R/read.table.fast.R

#' read.delim fast, on a subset of columns
#' 
#' If you have a huge file & are only interested in some of the columns,
#' \code{read.delim.fast} can be much much faster. It depends on how many
#' columns there are. If you have a VERY fast file, then \code{\link{read.table.fast}}
#' and subsetting columns after may still be faster.
#' 
#' Some testing on a 1134514 x 32 column file (an Illumina Omni1M TXT file),
#' extracting 5 columns of interest saw a 4.8x speedup (8.5 vs 40.5 sec).
#' 
#' @section timing:
#' a <- read.delim.fast(file, skip=11, nrows=10, columns=1:5)                   \cr
#' system.time(a <- read.delim.fast(file, skip=11, nrows=1134514, columns=1:5)) \cr
#' #  user  system elapsed                                                   \cr
#' # 7.550   2.240   8.457                                                   \cr
#' system.time(a <- read.delim(file, skip=11, nrows=1134514)[,1:5])             \cr
#' #   user  system elapsed                                                  \cr
#' # 39.070   1.190  40.451                                                  \cr
#'
#' @note WARNING
#' In general this code works really well when there are the same number of column names
#' as there are columns. It works great on tsv and csv files not produced by \R, since
#' they almost always have the same number of colnames as columns.\cr
#' \R likes to do some strange things with \code{\link{write.table}} and \code{\link{write.csv}},
#' where if row.names=TRUE, then there will be 1 fewer colnames as there are columns of
#' data.
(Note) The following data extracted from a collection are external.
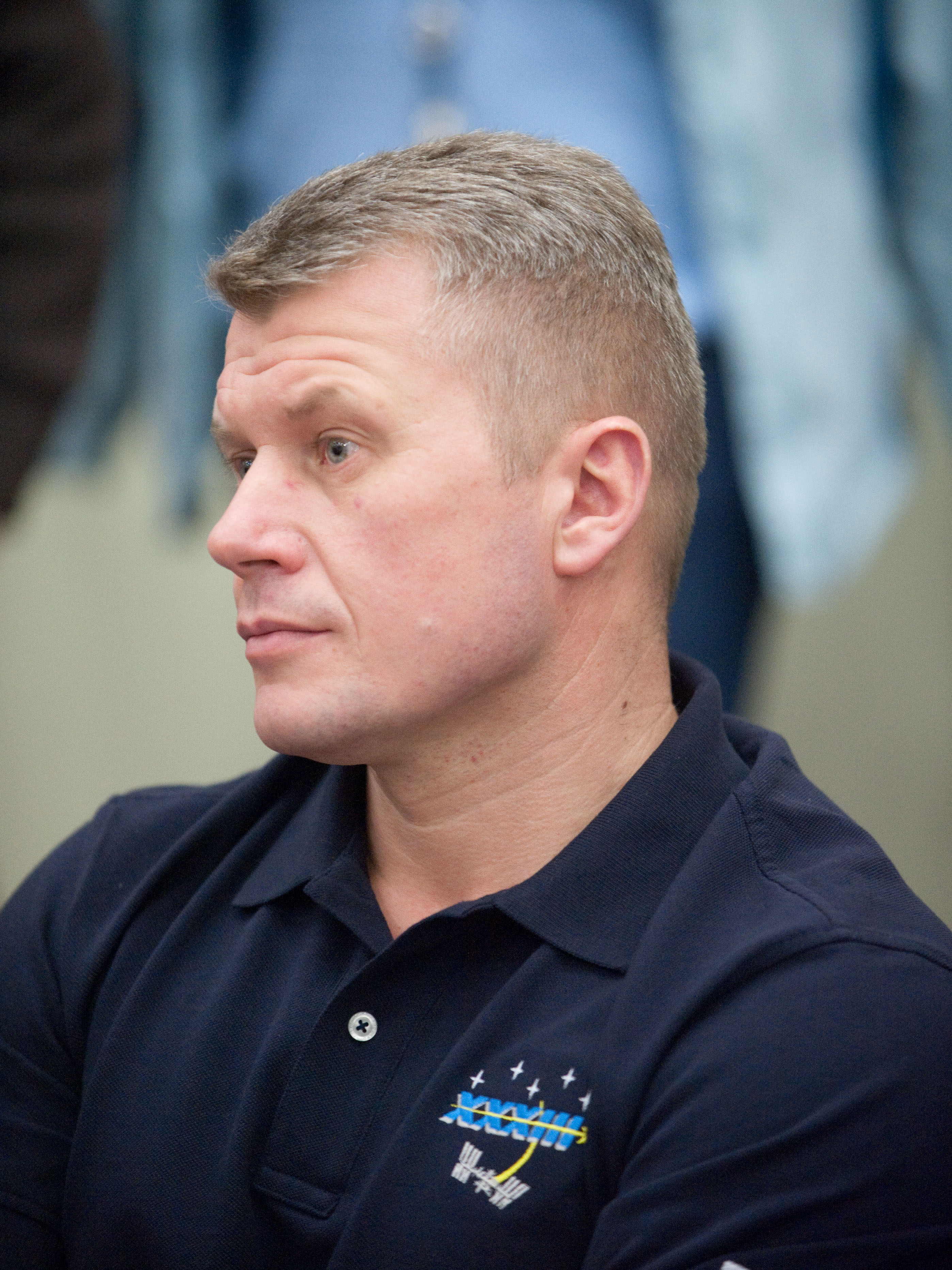 Russian cosmonaut Oleg Novitskiy, Expedition 33/34 flight engineer, is pictured during an emergency scenario training session in the Space Vehicle Mock-up Facility at NASA's Johnson Space Center.
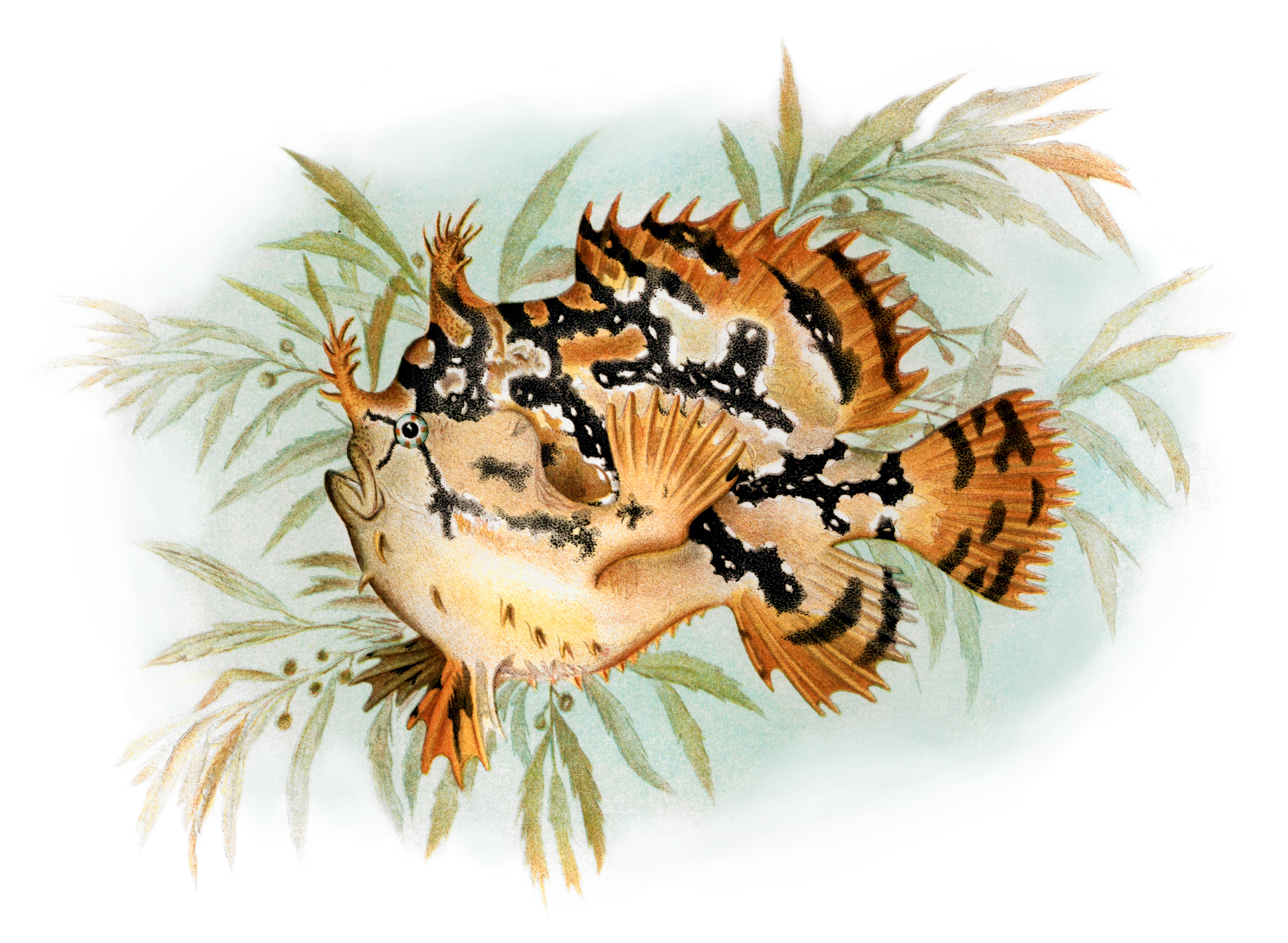 A sargassumfish (Histrio histrio).
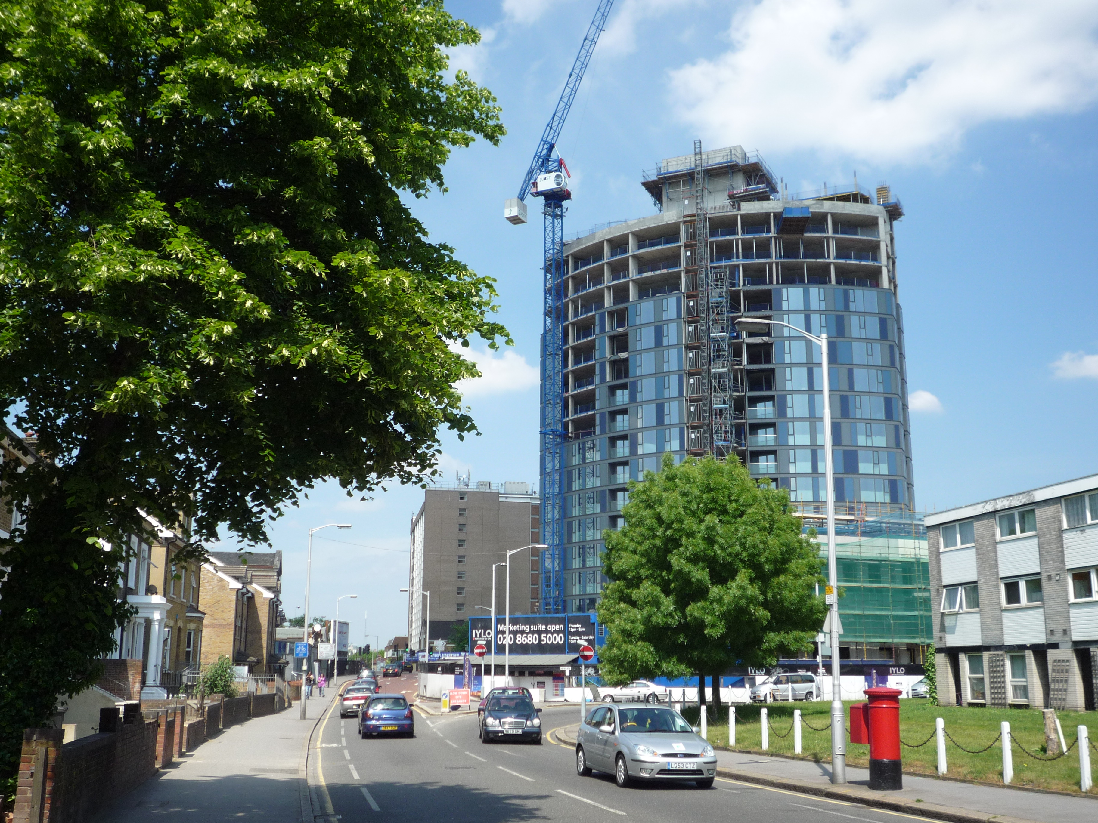 The new IYLO tower block under construction in Croydon, London, England. Seen from grid reference TQ 3236 6640 in Wellesley Road looking NNE. The developers are, for some reason, keen to stress that it is an 100% private residential development. On the left the Croydon transmitter can just be made out in the distance.

When using \code{\link{read.table}} and \code{\link{read.csv}}, this signals that 
#' the 1st column should be the \code{row.names}, then the subsequent columns are cols \code{1-N}.
#' Since this code uses GNU \code{cut}, it's not aware of this & will likely shift the colnames and columns. 
#' 
#' @inheritParams utils::read.delim
#' @param columns a character vector of column names to import; or a numeric vector 
#'  of column indices to import; or a logical vector same length as ncol(file)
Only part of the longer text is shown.